Девять (СИ) - Сенников Андрей (книга жизни .txt) 📗
А в темноте в окрестностях бродят мертвецы.
Беня поморщился. Всё вокруг внушало отвращение. Что-то омерзительное таилось в мертвой тишине, загаженной птицами и зверьем церкви, раззявленных проемах окон и дверей. Каранаково напоминало разрытую могилу с оскверненными останками.
Оставаться здесь нельзя…
Уйти невозможно.
Дикой почувствовал себя очень маленьким и слабым. Время безудержно сочилось с небес солнечными лучами, и белый шар, теряющий свою невесомость, клонился к горизонту и темнел, словно испускаемый свет уносил жизнь из умирающего светила.
Ноги понесли Дикого вниз, к едва угадываемой улице. С каждым шагом сильнее сутулились плечи, голова клонилась, чувство, будто он входит внутрь огромного скелета доисторического чудовища, пригибало к земле.
Заколоченный дом — первый знак, что начался некроз и остановить уже ничего нельзя.
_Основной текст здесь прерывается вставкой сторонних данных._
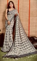 Experience the charm of handcrafted elegance with this stunning Mulmul Cotton Batik Print Saree – a perfect blend of tradition and modernity!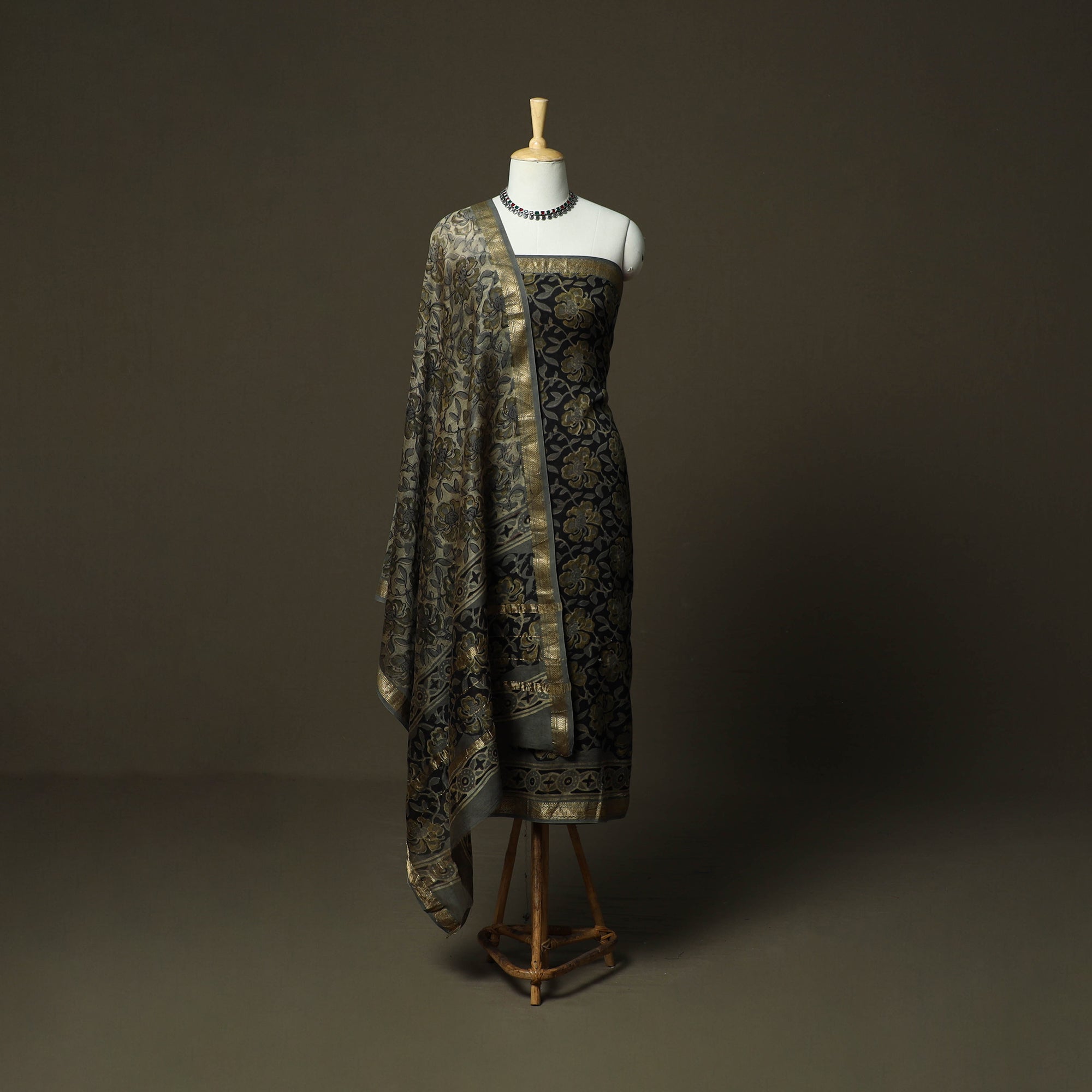Black vanaspati bagru hand block print natural dyed maheshwari silk cotton 3pc unstitched dress material is crafted using a 400–450 year old Bagru printing technique from Rajasthan. Skilled artisans apply a hand-prepared mud resist with carved wooden blocks. Once washed, the resist reveals nature-inspired Vanaspati motifs in soft, earthy tones. The set includes kurta fabric and a dupatta finished with a subtle zari border, along with a cotton bottom and can be tailored into a graceful ethnic outfit.

Оставленное человеком жилище выглядит таинственно. В Каранаково всё выглядело зловеще. Дикой опасался заходить во дворы и тем более в дома. Кто знает, кто там хозяйничал все это время? Тропа эта… нехорошая. Дикой несколько раз пересекал её, а время от времени, шёл по ней. Всякий раз его пробирала дрожь, словно он входил в студеный ключ. Немного погодя Беня наткнулся на полуразвалившийся колодезный сруб. Верхние бревна — венца три или два, — девались неизвестно куда. Оставшиеся, чуть выше бордюрного камня, замшелые и осклизлые притаились в траве, словно в засаде. Дикой глянул в черный провал и отпрянул. Со дна поднимался холодный смрад, как будто в колодец побросали всех жителей деревни, и они гнили там, слишком долго разлагаясь в ключевой воде.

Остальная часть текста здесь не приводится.